▶ [SOURCE DATA]
● ● ● ● ●
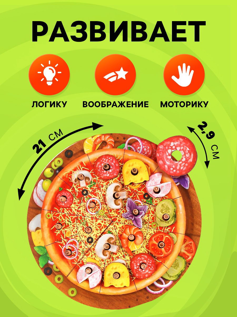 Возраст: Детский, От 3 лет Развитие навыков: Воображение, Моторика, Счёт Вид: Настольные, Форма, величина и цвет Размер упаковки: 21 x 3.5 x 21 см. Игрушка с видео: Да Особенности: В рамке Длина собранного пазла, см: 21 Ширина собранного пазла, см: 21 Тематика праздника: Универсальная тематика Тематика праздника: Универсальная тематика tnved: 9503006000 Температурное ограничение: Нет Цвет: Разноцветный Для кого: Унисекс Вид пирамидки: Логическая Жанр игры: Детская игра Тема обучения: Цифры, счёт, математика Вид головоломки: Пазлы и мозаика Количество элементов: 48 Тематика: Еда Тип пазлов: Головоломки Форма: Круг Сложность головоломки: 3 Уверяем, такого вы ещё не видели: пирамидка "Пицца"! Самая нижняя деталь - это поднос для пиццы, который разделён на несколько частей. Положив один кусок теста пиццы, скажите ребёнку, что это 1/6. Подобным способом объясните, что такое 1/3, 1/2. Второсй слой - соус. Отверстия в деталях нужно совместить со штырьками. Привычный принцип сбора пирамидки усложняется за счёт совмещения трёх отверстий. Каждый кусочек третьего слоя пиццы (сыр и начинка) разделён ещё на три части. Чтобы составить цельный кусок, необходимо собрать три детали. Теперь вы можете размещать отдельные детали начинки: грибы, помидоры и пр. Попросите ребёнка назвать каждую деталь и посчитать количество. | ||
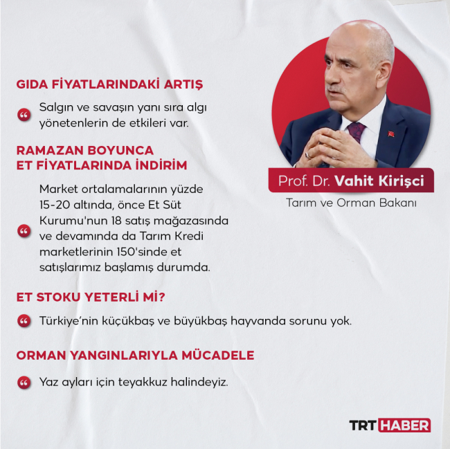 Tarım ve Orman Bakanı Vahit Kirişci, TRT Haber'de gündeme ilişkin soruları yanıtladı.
● ● ● ● ●
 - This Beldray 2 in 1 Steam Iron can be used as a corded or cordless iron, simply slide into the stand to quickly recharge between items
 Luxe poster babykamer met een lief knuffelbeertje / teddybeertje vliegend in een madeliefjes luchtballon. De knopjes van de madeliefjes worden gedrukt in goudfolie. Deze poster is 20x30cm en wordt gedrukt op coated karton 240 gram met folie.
● ● ● ● ●
Copy needed, without pictures: the lines of the listing above from the line containing "Возраст: Детский, От" up to and including the line containing "Tarım ve Orman", set down exactly.

 Возраст: Детский, От 3 лет Развитие навыков: Воображение, Моторика, Счёт Вид: Настольные, Форма, величина и цвет Размер упаковки: 21 x 3.5 x 21 см. Игрушка с видео: Да Особенности: В рамке Длина собранного пазла, см: 21 Ширина собранного пазла, см: 21 Тематика праздника: Универсальная тематика Тематика праздника: Универсальная тематика tnved: 9503006000 Температурное ограничение: Нет Цвет: Разноцветный Для кого: Унисекс Вид пирамидки: Логическая Жанр игры: Детская игра Тема обучения: Цифры, счёт, математика Вид головоломки: Пазлы и мозаика Количество элементов: 48 Тематика: Еда Тип пазлов: Головоломки Форма: Круг Сложность головоломки: 3 Уверяем, такого вы ещё не видели: пирамидка "Пицца"! Самая нижняя деталь - это поднос для пиццы, который разделён на несколько частей. Положив один кусок теста пиццы, скажите ребёнку, что это 1/6. Подобным способом объясните, что такое 1/3, 1/2. Второсй слой - соус. Отверстия в деталях нужно совместить со штырьками. Привычный принцип сбора пирамидки усложняется за счёт совмещения трёх отверстий. Каждый кусочек третьего слоя пиццы (сыр и начинка) разделён ещё на три части. Чтобы составить цельный кусок, необходимо собрать три детали. Теперь вы можете размещать отдельные детали начинки: грибы, помидоры и пр. Попросите ребёнка назвать каждую деталь и посчитать количество. | ||
 Tarım ve Orman Bakanı Vahit Kirişci, TRT Haber'de gündeme ilişkin soruları yanıtladı.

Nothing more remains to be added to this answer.